Stored items:
****************************************
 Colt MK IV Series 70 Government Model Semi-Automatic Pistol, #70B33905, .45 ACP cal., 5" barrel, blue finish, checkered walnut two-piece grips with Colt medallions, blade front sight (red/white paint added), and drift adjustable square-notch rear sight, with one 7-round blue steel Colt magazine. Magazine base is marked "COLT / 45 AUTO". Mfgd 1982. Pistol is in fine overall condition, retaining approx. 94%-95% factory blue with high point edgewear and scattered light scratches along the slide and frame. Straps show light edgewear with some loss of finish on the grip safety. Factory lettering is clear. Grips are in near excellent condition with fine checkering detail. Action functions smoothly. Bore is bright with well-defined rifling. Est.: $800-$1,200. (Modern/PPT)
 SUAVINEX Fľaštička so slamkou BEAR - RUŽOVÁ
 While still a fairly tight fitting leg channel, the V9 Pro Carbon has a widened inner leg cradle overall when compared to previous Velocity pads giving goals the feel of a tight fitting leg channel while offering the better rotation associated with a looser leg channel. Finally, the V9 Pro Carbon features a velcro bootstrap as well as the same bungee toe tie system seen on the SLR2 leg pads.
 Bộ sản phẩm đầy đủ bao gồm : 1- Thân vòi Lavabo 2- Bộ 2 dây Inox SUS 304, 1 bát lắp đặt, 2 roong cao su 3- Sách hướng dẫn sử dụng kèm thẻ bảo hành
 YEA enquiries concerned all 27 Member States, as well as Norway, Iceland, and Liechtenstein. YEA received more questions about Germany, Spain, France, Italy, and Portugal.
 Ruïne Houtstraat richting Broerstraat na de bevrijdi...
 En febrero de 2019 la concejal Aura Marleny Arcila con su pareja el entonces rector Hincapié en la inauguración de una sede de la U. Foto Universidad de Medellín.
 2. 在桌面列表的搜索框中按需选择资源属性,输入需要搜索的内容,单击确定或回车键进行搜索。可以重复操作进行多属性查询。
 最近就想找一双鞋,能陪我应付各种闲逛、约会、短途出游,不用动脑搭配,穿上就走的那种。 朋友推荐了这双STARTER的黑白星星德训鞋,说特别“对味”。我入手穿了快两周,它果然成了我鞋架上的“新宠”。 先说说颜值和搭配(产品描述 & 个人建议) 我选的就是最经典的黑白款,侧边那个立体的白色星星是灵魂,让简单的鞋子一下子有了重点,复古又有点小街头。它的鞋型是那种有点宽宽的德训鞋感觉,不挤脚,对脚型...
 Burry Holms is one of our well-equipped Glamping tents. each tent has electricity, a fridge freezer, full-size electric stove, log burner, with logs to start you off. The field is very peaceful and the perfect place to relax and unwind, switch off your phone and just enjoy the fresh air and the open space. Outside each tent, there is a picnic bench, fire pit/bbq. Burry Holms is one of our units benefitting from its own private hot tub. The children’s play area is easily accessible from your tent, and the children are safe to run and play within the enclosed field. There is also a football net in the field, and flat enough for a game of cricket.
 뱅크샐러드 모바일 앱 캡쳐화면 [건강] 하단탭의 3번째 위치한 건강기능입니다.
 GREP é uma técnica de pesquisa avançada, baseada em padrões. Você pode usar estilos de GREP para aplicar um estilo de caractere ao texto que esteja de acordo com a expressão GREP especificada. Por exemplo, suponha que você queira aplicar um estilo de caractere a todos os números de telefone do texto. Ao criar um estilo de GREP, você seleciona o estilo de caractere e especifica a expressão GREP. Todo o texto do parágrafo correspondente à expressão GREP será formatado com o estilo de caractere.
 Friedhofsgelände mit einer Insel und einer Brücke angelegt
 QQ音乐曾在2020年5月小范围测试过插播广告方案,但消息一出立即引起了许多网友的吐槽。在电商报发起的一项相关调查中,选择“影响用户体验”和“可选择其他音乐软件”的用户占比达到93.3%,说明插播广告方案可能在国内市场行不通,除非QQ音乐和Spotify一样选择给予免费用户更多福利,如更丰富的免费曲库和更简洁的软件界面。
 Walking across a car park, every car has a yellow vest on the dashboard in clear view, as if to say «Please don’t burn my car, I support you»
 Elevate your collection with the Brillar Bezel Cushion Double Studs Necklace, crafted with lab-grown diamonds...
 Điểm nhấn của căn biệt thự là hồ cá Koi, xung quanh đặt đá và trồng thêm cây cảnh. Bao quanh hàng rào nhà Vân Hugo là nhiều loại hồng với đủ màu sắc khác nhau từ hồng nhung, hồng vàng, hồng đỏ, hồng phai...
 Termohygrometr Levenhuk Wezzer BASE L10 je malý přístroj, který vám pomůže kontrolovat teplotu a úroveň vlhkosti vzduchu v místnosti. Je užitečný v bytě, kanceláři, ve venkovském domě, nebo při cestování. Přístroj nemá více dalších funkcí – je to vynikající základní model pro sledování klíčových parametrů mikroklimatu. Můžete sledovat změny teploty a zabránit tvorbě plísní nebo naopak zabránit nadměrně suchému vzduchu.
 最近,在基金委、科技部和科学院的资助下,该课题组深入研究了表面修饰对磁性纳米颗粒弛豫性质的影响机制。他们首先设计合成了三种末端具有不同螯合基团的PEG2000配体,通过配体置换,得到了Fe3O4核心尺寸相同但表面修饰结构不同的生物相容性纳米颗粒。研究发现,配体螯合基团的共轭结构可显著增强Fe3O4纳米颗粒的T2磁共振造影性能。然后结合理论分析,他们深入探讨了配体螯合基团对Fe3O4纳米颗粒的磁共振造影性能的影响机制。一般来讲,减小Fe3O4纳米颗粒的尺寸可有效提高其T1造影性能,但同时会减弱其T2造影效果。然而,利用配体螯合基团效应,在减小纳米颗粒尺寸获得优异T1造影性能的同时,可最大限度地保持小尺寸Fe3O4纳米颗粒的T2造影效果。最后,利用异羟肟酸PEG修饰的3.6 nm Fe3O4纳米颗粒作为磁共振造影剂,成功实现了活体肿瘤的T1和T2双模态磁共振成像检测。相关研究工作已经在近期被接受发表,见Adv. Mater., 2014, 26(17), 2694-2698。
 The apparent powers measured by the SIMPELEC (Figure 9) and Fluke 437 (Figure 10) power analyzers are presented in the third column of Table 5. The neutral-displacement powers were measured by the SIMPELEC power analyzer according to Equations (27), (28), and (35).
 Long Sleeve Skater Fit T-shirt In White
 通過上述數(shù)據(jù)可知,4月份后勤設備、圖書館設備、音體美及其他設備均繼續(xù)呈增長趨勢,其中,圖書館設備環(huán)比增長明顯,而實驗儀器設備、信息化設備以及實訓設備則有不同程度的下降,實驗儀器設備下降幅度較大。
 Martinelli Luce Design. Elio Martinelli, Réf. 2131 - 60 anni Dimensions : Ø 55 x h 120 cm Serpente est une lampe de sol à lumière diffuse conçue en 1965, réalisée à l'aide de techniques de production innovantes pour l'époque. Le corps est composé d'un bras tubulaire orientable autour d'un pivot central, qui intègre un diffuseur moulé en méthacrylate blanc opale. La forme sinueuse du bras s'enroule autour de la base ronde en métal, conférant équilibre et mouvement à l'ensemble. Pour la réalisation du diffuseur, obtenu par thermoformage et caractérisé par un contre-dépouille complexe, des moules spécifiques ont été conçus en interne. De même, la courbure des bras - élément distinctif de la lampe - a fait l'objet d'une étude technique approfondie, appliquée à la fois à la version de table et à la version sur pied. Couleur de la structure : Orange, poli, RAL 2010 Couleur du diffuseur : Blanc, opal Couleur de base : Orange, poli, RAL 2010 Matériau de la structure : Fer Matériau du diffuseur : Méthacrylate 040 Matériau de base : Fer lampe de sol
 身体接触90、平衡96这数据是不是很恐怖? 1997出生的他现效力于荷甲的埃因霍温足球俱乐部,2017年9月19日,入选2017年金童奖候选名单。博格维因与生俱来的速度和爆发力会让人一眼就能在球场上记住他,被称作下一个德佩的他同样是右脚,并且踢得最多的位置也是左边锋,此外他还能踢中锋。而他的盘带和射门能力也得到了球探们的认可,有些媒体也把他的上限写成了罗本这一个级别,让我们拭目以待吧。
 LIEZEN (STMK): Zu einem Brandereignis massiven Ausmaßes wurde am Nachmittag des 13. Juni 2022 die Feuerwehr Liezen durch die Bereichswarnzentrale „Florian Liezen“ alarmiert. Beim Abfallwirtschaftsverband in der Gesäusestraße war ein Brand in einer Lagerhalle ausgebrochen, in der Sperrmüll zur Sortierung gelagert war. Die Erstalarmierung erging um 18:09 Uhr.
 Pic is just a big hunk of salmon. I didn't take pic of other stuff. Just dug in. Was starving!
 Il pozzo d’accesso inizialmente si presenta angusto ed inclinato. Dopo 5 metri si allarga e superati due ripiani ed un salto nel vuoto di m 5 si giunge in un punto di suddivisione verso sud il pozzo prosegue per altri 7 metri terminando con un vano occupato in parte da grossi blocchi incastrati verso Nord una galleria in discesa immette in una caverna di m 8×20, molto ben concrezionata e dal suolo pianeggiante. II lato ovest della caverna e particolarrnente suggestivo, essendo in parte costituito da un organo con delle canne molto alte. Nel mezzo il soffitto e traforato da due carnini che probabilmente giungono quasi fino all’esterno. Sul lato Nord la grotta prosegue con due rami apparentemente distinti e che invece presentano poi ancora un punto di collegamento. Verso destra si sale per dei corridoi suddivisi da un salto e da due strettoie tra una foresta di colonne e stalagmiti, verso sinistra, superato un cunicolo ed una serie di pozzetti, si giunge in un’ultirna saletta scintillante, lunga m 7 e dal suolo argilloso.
****************************************
DIRECTIONS: Using the entries shown above, reproduce verbatim the lines from the line bearing "YEA enquiries concerned" to the line bearing "Ruïne Houtstraat richting", inclusive.

THE COMPLETED TASK:
 YEA enquiries concerned all 27 Member States, as well as Norway, Iceland, and Liechtenstein. YEA received more questions about Germany, Spain, France, Italy, and Portugal.
 Ruïne Houtstraat richting Broerstraat na de bevrijdi...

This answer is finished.